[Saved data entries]
>>>>>
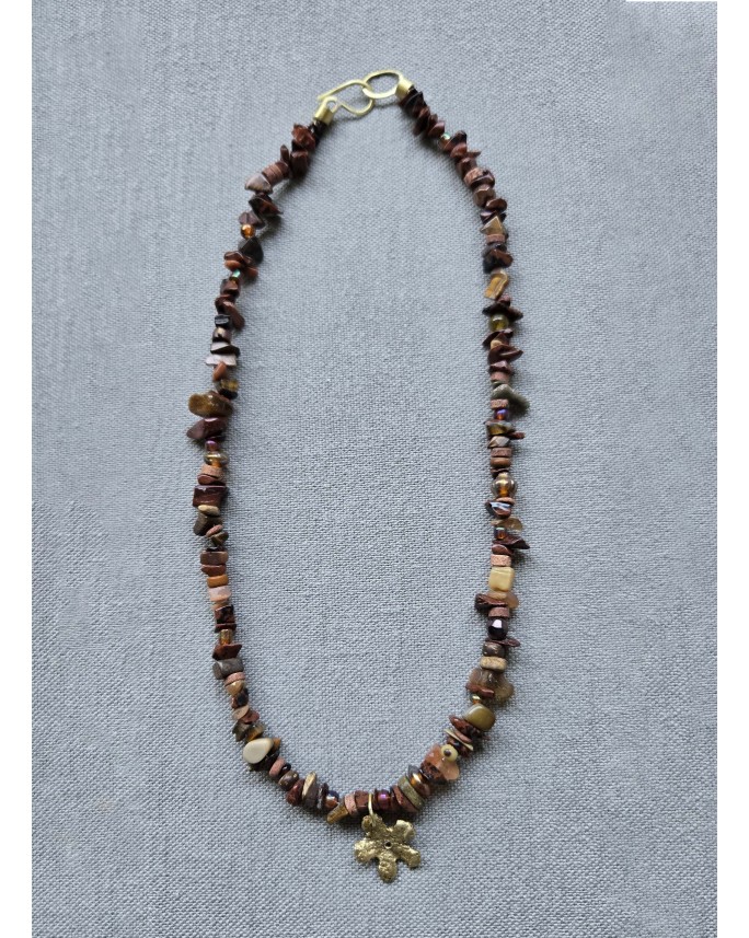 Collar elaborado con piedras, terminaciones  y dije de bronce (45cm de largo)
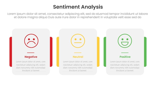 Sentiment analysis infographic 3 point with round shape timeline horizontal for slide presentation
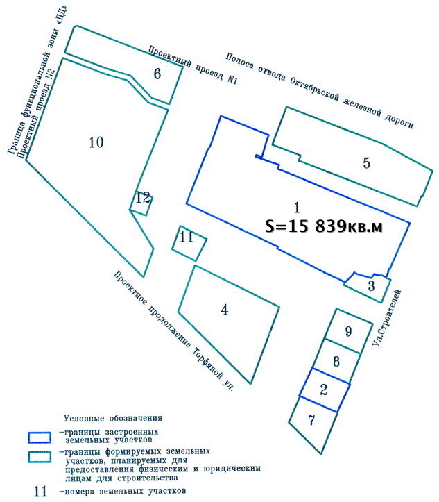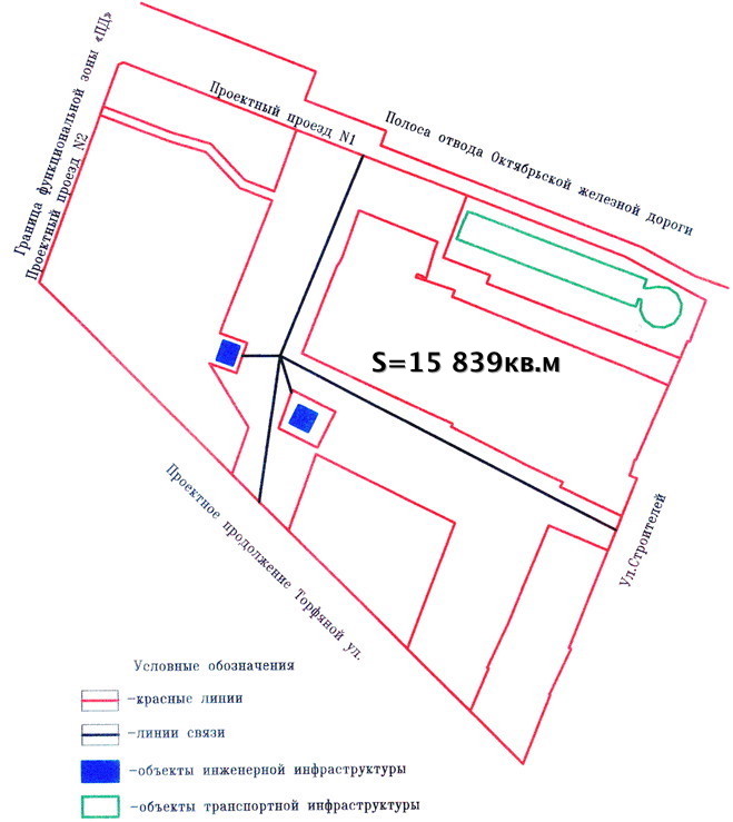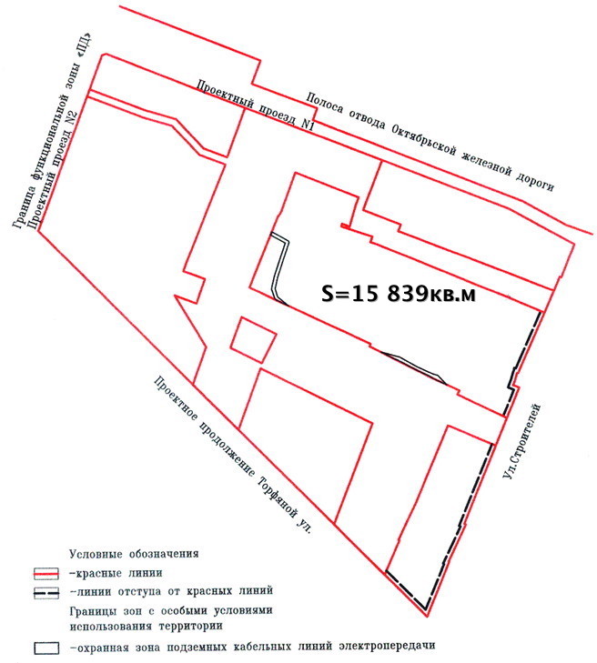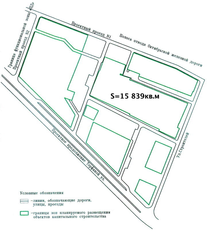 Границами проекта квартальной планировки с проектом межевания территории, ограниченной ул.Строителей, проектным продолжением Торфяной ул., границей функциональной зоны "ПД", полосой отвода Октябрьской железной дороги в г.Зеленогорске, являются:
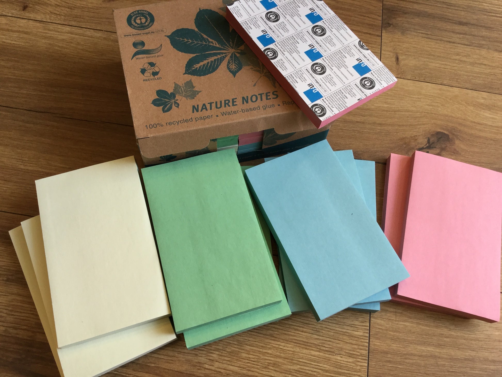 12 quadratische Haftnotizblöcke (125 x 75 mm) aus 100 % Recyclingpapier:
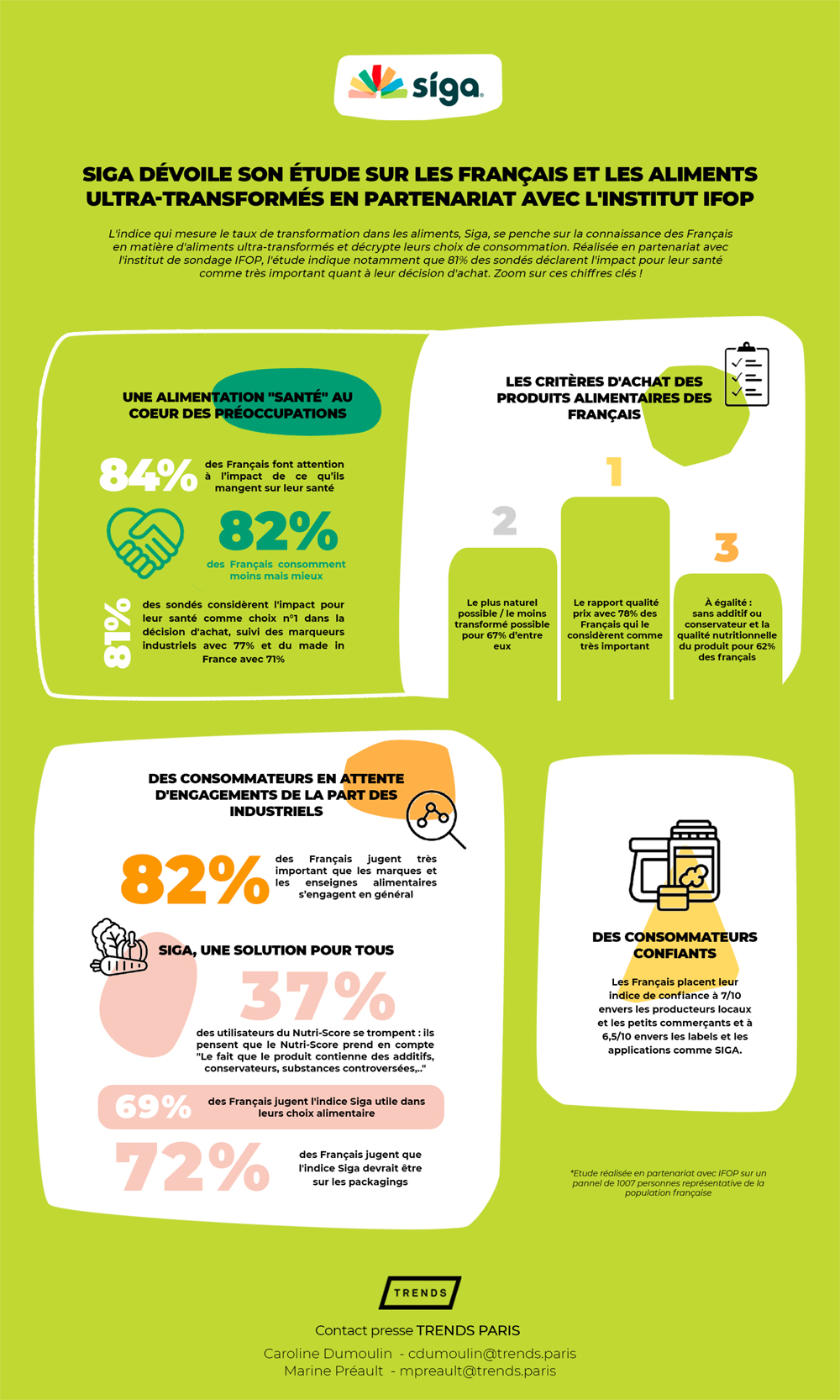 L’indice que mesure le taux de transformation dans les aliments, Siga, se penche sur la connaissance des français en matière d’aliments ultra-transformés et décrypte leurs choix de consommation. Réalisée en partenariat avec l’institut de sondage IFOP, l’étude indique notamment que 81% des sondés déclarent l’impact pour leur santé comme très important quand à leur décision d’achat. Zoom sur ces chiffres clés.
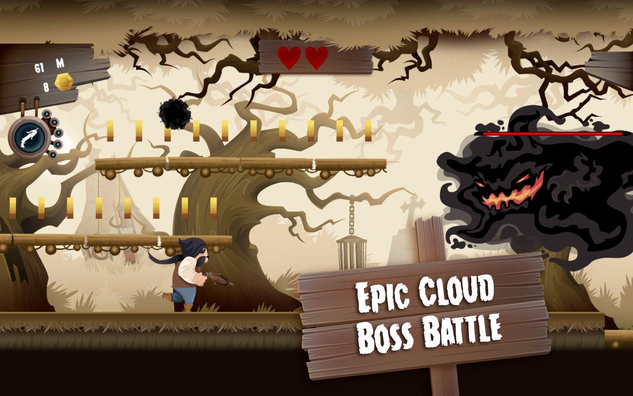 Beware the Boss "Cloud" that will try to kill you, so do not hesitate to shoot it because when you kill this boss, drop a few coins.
<<<<<
Activity: Write out nothing but the lines from the start of the data through the line with "12 quadratische Haftnotizblöcke". Leave out the pictures.

Problem solution:
 Collar elaborado con piedras, terminaciones  y dije de bronce (45cm de largo)
 Sentiment analysis infographic 3 point with round shape timeline horizontal for slide presentation
 Границами проекта квартальной планировки с проектом межевания территории, ограниченной ул.Строителей, проектным продолжением Торфяной ул., границей функциональной зоны "ПД", полосой отвода Октябрьской железной дороги в г.Зеленогорске, являются:
 12 quadratische Haftnotizblöcke (125 x 75 mm) aus 100 % Recyclingpapier:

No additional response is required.